Work to complete: Write out the listing verbatim. No pictures belong in it.

Materials provided:
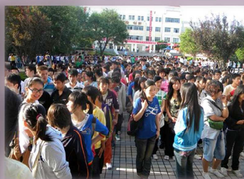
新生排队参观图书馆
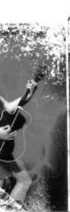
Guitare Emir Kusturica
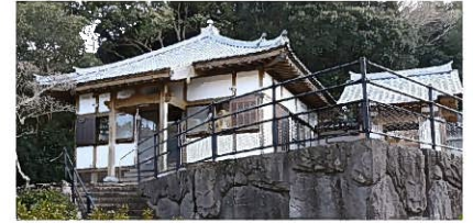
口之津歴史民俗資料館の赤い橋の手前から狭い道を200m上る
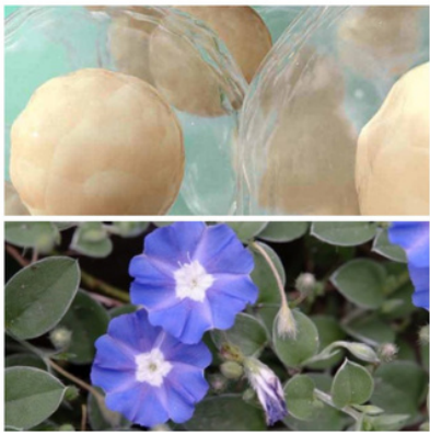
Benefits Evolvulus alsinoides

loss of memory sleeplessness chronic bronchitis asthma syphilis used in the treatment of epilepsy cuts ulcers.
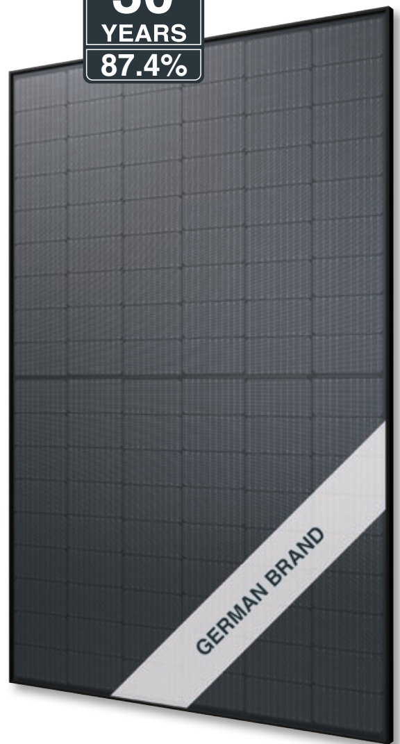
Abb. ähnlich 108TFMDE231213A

The completed task:
新生排队参观图书馆
Guitare Emir Kusturica
口之津歴史民俗資料館の赤い橋の手前から狭い道を200m上る
Benefits Evolvulus alsinoides

loss of memory sleeplessness chronic bronchitis asthma syphilis used in the treatment of epilepsy cuts ulcers.
Abb. ähnlich 108TFMDE231213A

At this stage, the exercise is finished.